December 28, 2018

Sadie

Written by Courtney Summers
Wednesday Books
978-1-250-10571-4
308 pp.
Ages 14+
September 2018

If you notice that the book cover is larger than I usually post, it's because Sadie, the book and the girl, should not be relegated to the back or to a corner to be forgotten. In her life, Sadie was neglected and abused and she may have felt insignificant, but she is courageous and responsible, and she deserves to be noticed–and not because of her stuttering–and her extraordinary efforts appreciated.

Sadie begins with the murder of Sadie's thirteen-year-old sister, Mattie Southern, after she'd left their home in Cold Creek, Colorado, ostensibly to search out their mother Claire, who'd left 3 years earlier. Mattie had never given up hope on her mother, an addict who'd showered her meagre love and limited attention on her youngest daughter and essentially ignored or was hostile to her eldest.
I can't even put into words what it's like to swallow down a moment like that, but I can tell you exactly how bitter it tastes. (pg. 55-6)
Sadie had given all of herself to her baby sister and mothered Mattie even more, when at 16, it was just the two of them, abandoned and living in a trailer park run by their surrogate grandmother, May Beth Foster.  When Sadie disappears eight months after her sister's murder and her car found abandoned the next month, May Beth contacts WNRK New York to get some media attention and help. So begins a serialized podcast, The Girls, by producer West McCray, who pursues Sadie's story and consequently Mattie's as well.
The Girls explores what happens when a devastating crime reveals a deeply unsettling mystery. It's a story about family, about sisters, and the untold lives lived in small-town America. It's about the lengths we go to protect the ones we love. . . and the high price we pay when we can't. (pg. 1)
Sadie alternates between The Girls podcast and Sadie's telling of her pursuit of justice for her sister. West's podcast includes narration and interviews with persons of interest as he tries to locate Sadie, all the while unravelling her story. There's May Beth Foster who acts as his home base for information and clarification, and then the people Sadie meets along her journey. The chapters based on Sadie's pursuit of Mattie's murderer begin at an out-of-town diner where Sadie suggests she's looking for her father, always showing a photo of her family with Claire's ex, Keith. From that starting point, she gets one lead after another, desperate to locate the man she is convinced is responsible for Mattie's death. Mixed with reminiscences, many unsettling, as triggered by those she meets, Sadie must uncover Keith's story, told from the points of view of those who considered him a good guy and those who won't reveal much from the cloak of shame and trauma. Regardless, she pursues and inevitably helps in ways she might never know.

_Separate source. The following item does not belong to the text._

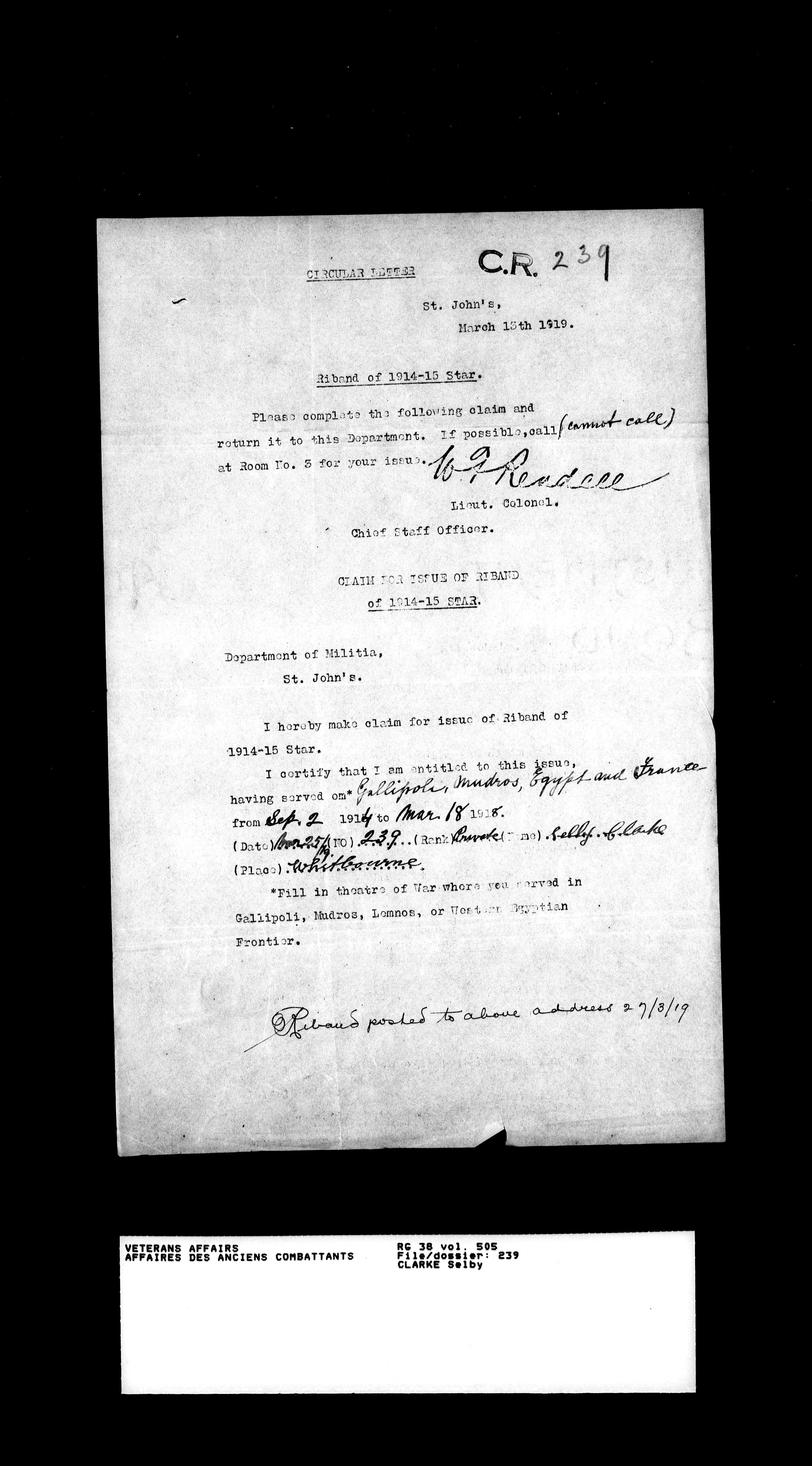 Military service files for members of the Royal Newfoundland Regiment and bandsmen and the Newfoundland Forestry Corps (1914-1919) - 18036

Courtney Summers always tells bold stories, whether based on zombies (This is Not a Test, 2012; Please Remain Calm, 2014), on sexual assault and shame (All the Rage, 2015), on bullying (Some Girls Are, 2010) or self-destruction (Cracked Up to Be, 2008). They immerse the reader in tense situations of agonizing brutality, emotional and physical, that rarely have happy endings. But that's reality. Life is not neat and it's not fair. It's raw and real and not for the faint of heart. Courtney Summers sugarcoats nothing. Nothing at all. Even as West McCray speaks to witnesses or persons of interest, they spin Sadie's story with an effort to make themselves look better. It's not honest but it's real. Take Claire, for instance. This woman cared more for the child who looked like her than the one who didn't (and blames that on her youth, her mother's death and May Beth); neglected her children in favour of her addiction; sends an abuser packing only when she suspects he might have attacked her favourite; abandons her children for years; and blames West McCray when he can't find Sadie. Yikes. Sadie's story is gut-wrenching in itself: bullied for her stuttering, neglected by her mother, abused by her mother's boyfriend, abandoned, becoming a surrogate parent to a resentful child, and grief-stricken for her beloved sister. Her story is almost too much to take.

Don't look for a happy ending in Sadie, and it's not because Courtney Summers ends Sadie with another tragedy. It's just hard to tell what kind of an ending Courtney Summers has given readers. While there is justice, Courtney Summers also leaves a gaping hole in Sadie's story that readers will need to fill, either with hope for a new story for Sadie or with another tragedy to complete her original one. Read Sadie and let me know what you think happened to this fierce young woman because her story is far too important to let her be forgotten.